# The young meeting the old



## Donna Little (May 31, 2011)

My girl Madison has always been the absolute perfect "trainer" for any youngsters that came through my home while waiting to be adopted. Little Miss Ariel met her the other day for the first time and is totally smitten with her. She acts differently toward Madison than any of my other dogs and it's so sweet. Seems my old girl still has her touch....


----------



## Scarlett_O' (May 19, 2011)

Donna Little said:


> My girl Madison has always been the absolute perfect "trainer" for any youngsters that came through my home while waiting to be adopted. Little Miss Ariel met her the other day for the first time and is totally smitten with her. She acts differently toward Madison than any of my other dogs and it's so sweet. Seems my old girl still has her touch....
> 
> View attachment 6185
> 
> ...


SO CUTE!!!!

OH DONNA.....you just can NOT rehome her!!!:becky:

NO, NO, NO!!!!


----------



## BoxerParty (Nov 9, 2011)

a) They are both ADORABLE.

b) I am IN LOVE with little Ariel. Good thing you're not anywhere close to me... :biggrin:


----------



## Donna Little (May 31, 2011)

Scarlett_O' said:


> SO CUTE!!!!
> 
> OH DONNA.....you just can NOT rehome her!!!:becky:
> 
> NO, NO, NO!!!!


I have two words. TEN DOGS....... Need I say more? :madgrin:


----------



## Kat (Jul 12, 2011)

Those pictures kill me, both are so cute! I wouldnt be able to let the youngster go!


----------



## BoxerParty (Nov 9, 2011)

Donna Little said:


> I have two words. TEN DOGS....... Need I say more? :madgrin:


You already have 10, what's one more? :biggrin:


----------



## Scarlett_O' (May 19, 2011)

BoxerParty said:


> Donna Little said:
> 
> 
> > I have two words. TEN DOGS....... Need I say more? :madgrin:
> ...



HAHAHAH....ya that^^^^
And what do they weigh all together....like 40lbs??LOL :lol:






BTW.....YES I am proud to be an enabler!!!:wink:


----------



## Celt (Dec 27, 2010)

Way too adorable, if you were closer I'd be begging to have her.


----------



## NewYorkDogue (Sep 27, 2011)

AWWWWWWWWW...! That little tyke found the right home at just the right time. 

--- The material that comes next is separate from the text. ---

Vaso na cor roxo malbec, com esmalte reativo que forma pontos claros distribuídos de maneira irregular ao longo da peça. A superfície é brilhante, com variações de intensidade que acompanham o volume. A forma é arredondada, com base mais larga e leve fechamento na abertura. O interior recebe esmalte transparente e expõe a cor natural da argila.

And if we are all voting on this matter. Yup. I say keep the little darlin'.


----------



## Donna Little (May 31, 2011)

Well even though my hubby loves himself a Dachshund he gets to vote also and he votes "No more dogs!" I have to agree a little so I can stay somewhat sane! She is adorable though!


----------



## xellil (Apr 4, 2011)

Ariel looks so much better!!

I saw a neighbor lady in her yard yesterday and there were at least 40 dogs out there with her. The next day I saw her herding them into a set of three minibarns she has behind her house.

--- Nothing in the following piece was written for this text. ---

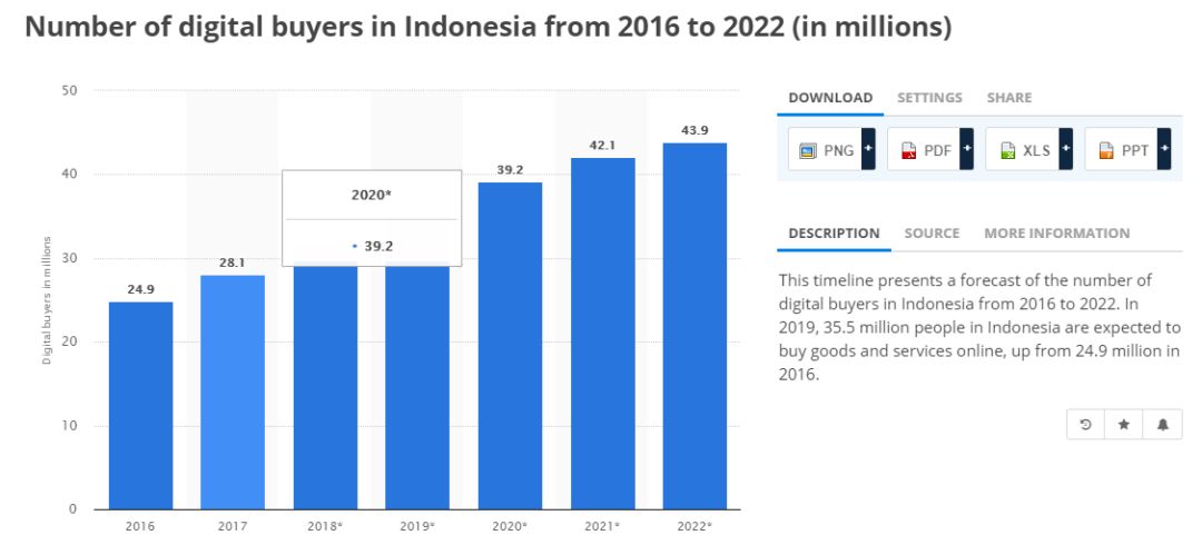数据显示,2016年印度尼西亚的在线购物者为2490万,预计到2020年,就将有3920万印度尼西亚人在线购买商品和服务。

They were all pretty small dogs. I am not an enabler - Ariel will find a marvelous new home, she is way too cute not to be adopted as soon as possible.


----------



## DaneMama (Jun 27, 2008)

GAH! That is so damn precious. Definitely gave me a big ol' smile on my face tonight!


----------



## Janet At Nutro (Mar 11, 2011)

Donna that first picture is so precious.


----------